Augmented reality took the world by storm when Niantic introduced Pokémon Go in 2016. However, the technology has been around for longer than most people realize. But most of the world didn’t know what it was until Pokémon started popping up in their backyard. Unlike virtual reality, AR doesn’t pull people into a digital world. It keeps users in their physical environment while superimposing computer-generated images onto one’s real-world view.
Since then, AR has evolved greatly, with extensive applications in different industries. One of the few industries that have yet to be disrupted by its capabilities is physical security. But experts in the field can’t wait for it to finally happen.
Physical security experts are anticipating how the industry can benefit from augmented reality. So far, four powerful applications are expected to transform physical security for the better.
Virtual Diagrams and Illustrations
Armed with augmented reality glasses, professionals can access crucial information while they are on the job. They can accomplish their tasks more efficiently with this technology.
The same way as engineers build airplanes, physical security experts can use augmented reality glasses to see relevant information about their tasks. For instance, professionals can use such glasses to access floor plans and illustrations while they are conducting assessments on-site. Technicians and locksmiths also benefit greatly from this technology. Instead of using mobile devices, they can project wiring diagrams over walls and doors. This lets them carry out repairs and maintenance quickly and smoothly.
The same technology is also very important for emergency situations. Having access to site information enables first responders to navigate their way around facilities safely using the quickest route.
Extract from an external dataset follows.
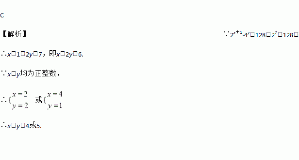 C 【解析】∵2x+1·4y=128,27=128, ∴x+1+2y=7,即x+2y=6. ∵x,y均为正整数, ∴或 ∴x+y=4或5.
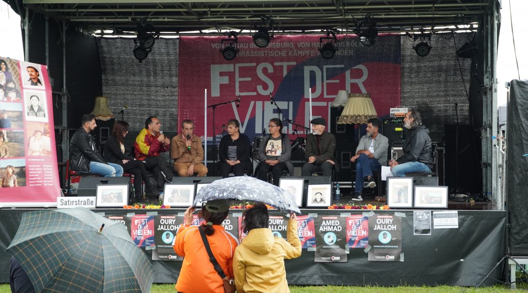 Das “Fest der Vielen” fand unter dem Motto “Antirassistische Kämpfe verbinden” statt. Es wurde genutzt um zusammenzukommen und gemeinsam an den 37. Jahrestag des rassistischen Brandanschlags vom 26.08.1984 in Duisburg-Wanheimerort zu gedenken und erinnern. Sieben Duisburger:innen wurden hier ermordet. Döndü Satır – 40 Jahre, Zeliha Turhan – 18 Jahre, Rasim Turhan – 18 Jahre, Songül Satır – 4 Jahre, Ümit Satır – 5 Jahre, Çiğdem Satır – 7 Jahre, Tarık Turhan – 50 Tage. Schon zwei Tage vor dem Fest, am 26. August 2021, fand ein stilles Gedenken vor dem Haus der Angehörigen statt.

Existing commercial surveillance systems are flawed. In control rooms, security personnel may have access to multi-tiered maps, which indicate information about the premises or the location of cameras. However, not all security officers can access that information. On-ground personnel who need that information the most have to rely on their colleagues at the Security Operations Center. Far too often, maps aren’t accurate. Even if security officers do relay the right information, there’s a big chance for it to be misinterpreted.
To make facilities more secure, on-ground security personnel can use AR glasses to communicate their security needs effectively in real time. Instead of relying on verbal information from colleagues, security personnel can receive actual developments as they are happening, enabling them to respond faster.
Security experts surmise that augmented reality is going to give them x-ray vision someday. They could see through walls and monitor network cables, pipes, and other hidden equipment. Facility managers, as well as security integrators, could do their jobs more efficiently when equipped with this technology.
AR glasses might one day even let security personnel view live or archived video feed. Integrating the technology with pan-tilt-zoom (PTZ) cameras on the floor enables security officers to bring up video footage. By tracking users’ eyes, intelligent algorithms can determine which subject they want video footage of.
Precise Indoor Positioning
Another AR application that will enhance security is precise indoor positioning. The technology tracks the position of every AR device and its user within the premises. With this precise GPS system, security personnel can boost productivity and enhance response time.
This application may reduce or eliminate radio chatter that’s mostly about the location of security personnel. Using this technology, dispatchers can deploy security personnel faster and more accurately based on who’s available and where they are.
In the near future, augmented reality will solve many inefficiencies in physical security by making crucial information readily available to security personnel. These applications might seem futuristic, but they aren’t impossible. Some are already being used in other industries, while the rest is on its way. For now, all we can do is innovate and wait.